Battling Medicare Fraud:
Ting v. 21st Century Oncology
DISCLAIMER: THIS POST CONCERNS A CLIENT OF THE EMPLOYMENT LAW GROUP® LAW FIRM. THE RESULTS OF ALL CASES DEPEND ON A VARIETY OF FACTORS UNIQUE TO EACH CASE. PAST SUCCESSES DO NOT PREDICT OR GUARANTEE FUTURE SUCCESSES.
In March 2016, cancer-care giant 21st Century Oncology agreed to pay $34.7 million to settle allegations that it billed government insurance programs, including Medicare, for unnecessary services. Our whistleblower attorneys represented Joseph Ting, the medical physicist whose courage brought the alleged fraud to light — and recovered millions for taxpayers.
Dr. Ting resigned from 21st Century Oncology in 2014 because he disapproved of its radiation therapy practices, which he felt were designed to maximize profits — not patients' health. Then he filed a lawsuit under the False Claims Act (FCA), a law originally signed by President Abraham Lincoln in 1863.

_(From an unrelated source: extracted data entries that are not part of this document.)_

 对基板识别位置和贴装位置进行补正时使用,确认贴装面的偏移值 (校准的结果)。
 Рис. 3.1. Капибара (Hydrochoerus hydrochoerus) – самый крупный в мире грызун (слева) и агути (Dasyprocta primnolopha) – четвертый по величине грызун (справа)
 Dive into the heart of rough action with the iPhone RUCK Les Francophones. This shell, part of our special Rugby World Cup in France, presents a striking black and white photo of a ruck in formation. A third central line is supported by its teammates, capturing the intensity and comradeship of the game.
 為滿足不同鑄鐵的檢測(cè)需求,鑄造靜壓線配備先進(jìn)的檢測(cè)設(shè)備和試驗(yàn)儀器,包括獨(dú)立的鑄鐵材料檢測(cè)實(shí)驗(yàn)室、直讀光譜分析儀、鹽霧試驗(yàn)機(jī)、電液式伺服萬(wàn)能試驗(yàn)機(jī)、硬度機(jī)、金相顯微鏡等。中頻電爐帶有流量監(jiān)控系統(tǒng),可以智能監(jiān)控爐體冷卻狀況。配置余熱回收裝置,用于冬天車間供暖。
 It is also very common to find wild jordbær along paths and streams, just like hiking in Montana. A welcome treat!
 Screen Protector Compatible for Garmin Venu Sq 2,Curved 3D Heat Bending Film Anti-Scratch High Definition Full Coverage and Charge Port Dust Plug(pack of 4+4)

The FCA makes it illegal to bilk the government via schemes such as billing Medicare for unnecessary procedures. It protects people who report such wrongdoing and, under certain conditions, allows these whistleblowers to collect a reward of up to 30% of recovered funds.

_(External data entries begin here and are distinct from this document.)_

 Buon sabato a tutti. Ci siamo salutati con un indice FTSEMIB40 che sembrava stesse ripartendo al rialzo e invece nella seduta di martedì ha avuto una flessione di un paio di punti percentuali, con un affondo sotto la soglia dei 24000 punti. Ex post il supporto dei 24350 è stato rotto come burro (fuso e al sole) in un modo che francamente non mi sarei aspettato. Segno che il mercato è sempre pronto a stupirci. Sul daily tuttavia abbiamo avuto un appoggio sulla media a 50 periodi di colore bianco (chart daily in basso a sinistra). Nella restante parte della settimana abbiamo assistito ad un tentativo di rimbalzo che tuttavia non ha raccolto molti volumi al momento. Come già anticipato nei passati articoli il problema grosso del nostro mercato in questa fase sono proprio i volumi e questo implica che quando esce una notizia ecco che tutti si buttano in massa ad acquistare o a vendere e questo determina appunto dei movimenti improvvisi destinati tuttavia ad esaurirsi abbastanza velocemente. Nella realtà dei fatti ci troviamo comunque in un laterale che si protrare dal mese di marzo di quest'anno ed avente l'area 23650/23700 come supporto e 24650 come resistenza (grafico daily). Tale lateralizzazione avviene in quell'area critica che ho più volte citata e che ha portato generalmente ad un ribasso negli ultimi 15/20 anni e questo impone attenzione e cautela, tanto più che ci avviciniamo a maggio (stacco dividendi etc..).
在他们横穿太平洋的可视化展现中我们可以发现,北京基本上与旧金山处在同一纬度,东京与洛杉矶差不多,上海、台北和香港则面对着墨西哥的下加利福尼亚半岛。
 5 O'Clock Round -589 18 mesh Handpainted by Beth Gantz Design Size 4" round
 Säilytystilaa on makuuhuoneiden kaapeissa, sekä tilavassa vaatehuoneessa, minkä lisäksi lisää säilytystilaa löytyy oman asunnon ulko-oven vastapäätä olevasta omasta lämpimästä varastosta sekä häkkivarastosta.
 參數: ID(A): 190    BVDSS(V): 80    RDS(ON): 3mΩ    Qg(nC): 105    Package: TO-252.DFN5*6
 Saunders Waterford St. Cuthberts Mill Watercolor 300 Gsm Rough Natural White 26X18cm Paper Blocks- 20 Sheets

In this case, Dr. Ting will collect more than $7 million for doing the right thing.
Dr. Ting is one of many healthcare professionals who have been represented by The Employment Law Group® law firm. Our clients have included Medicare coders, billing specialists, EMTs, nurses, doctors, accountants, hospice workers, nursing home staff, and other licensed professionals. Our FCA outcomes include a $57 million settlement and — at trial — an $819,000 damages award for retaliation against a whistleblower.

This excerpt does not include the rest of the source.